A Dozen Disruptions: Amazon's Pursuit Of Massive Market Share In 12 Major Industries
Since Amazon’s initial public offering 20 years ago, the online retailer’s stock has skyrocketed more than 42,000%, and the giant does not have plans of slowing.
Within the last seven months alone, Amazon has announced new services and business expansions that have stepped on the toes of major players in about half a dozen industries.
Founder and CEO Jeff Bezos has built an empire focused on constant innovation, making Amazon an industry trailblazer whose goals extend far beyond its initial online retail and cloud computing services business.
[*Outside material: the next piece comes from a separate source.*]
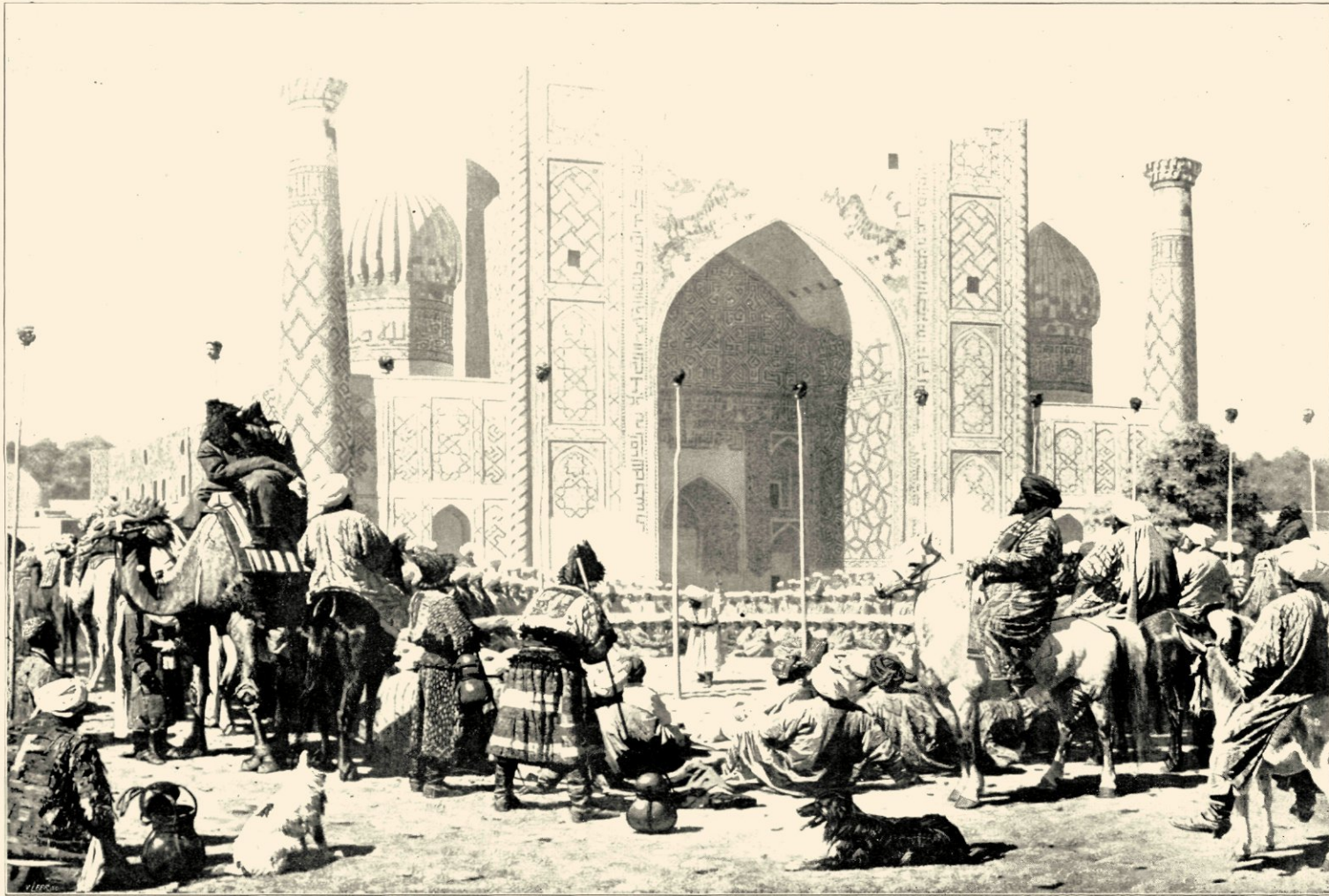
TERDOODBRENGING VAN MISDADIGERS VOOR DE REGNISTAN-MOSKEE IN SAMARKAND (MUSEUM TRETJAKOF, MOSKOU)

“Some of [Amazon's success] is attributable to Jeff Bezos himself. He’s now purchased the Washington Post, and it’s a power situation,” Berger Singerman Business Reorganization Team partner Ilyse Homer said. “You’re looking at someone extremely ambitious and successful who likes the idea of expanding his brand and seeing how that can influence the economy.”
Below are 12 industries Amazon has disrupted since its 1997 IPO or may disrupt in the near future.
Grocery Delivery
When news broke that Amazon was buying high-end grocer Whole Foods Market for $13.7B, the industry was in a tizzy. Competing grocers’ shares plummeted and the retail industry questioned how it will keep up with the increasingly dominant retail behemoth going forward. The acquisition was a strategic move on Amazon’s part to better position itself for the logistics and supply chain challenges that come with online-to-door grocery deliveries. Grocers are already battling low profit margins due to declining food prices. As new discount grocers like Aldi enter the already tight market with lower prices, existing players such as Walmart and Kroger are forced to lower their prices to compete — and around the circle goes.
Brick-And-Mortar Retail
Amazon has been expanding its physical bookstore footprint. It recently announced its entry into the New York City market with its 7 West 34th St. location across from the Empire State Building. A second location is being mulled for the Hudson Yards area. Amazon opened its first bookstore in 2015 in Seattle. The company also has storefronts in San Diego and Portland, and there are plans for future stores in Chicago and Needham, Massachusetts.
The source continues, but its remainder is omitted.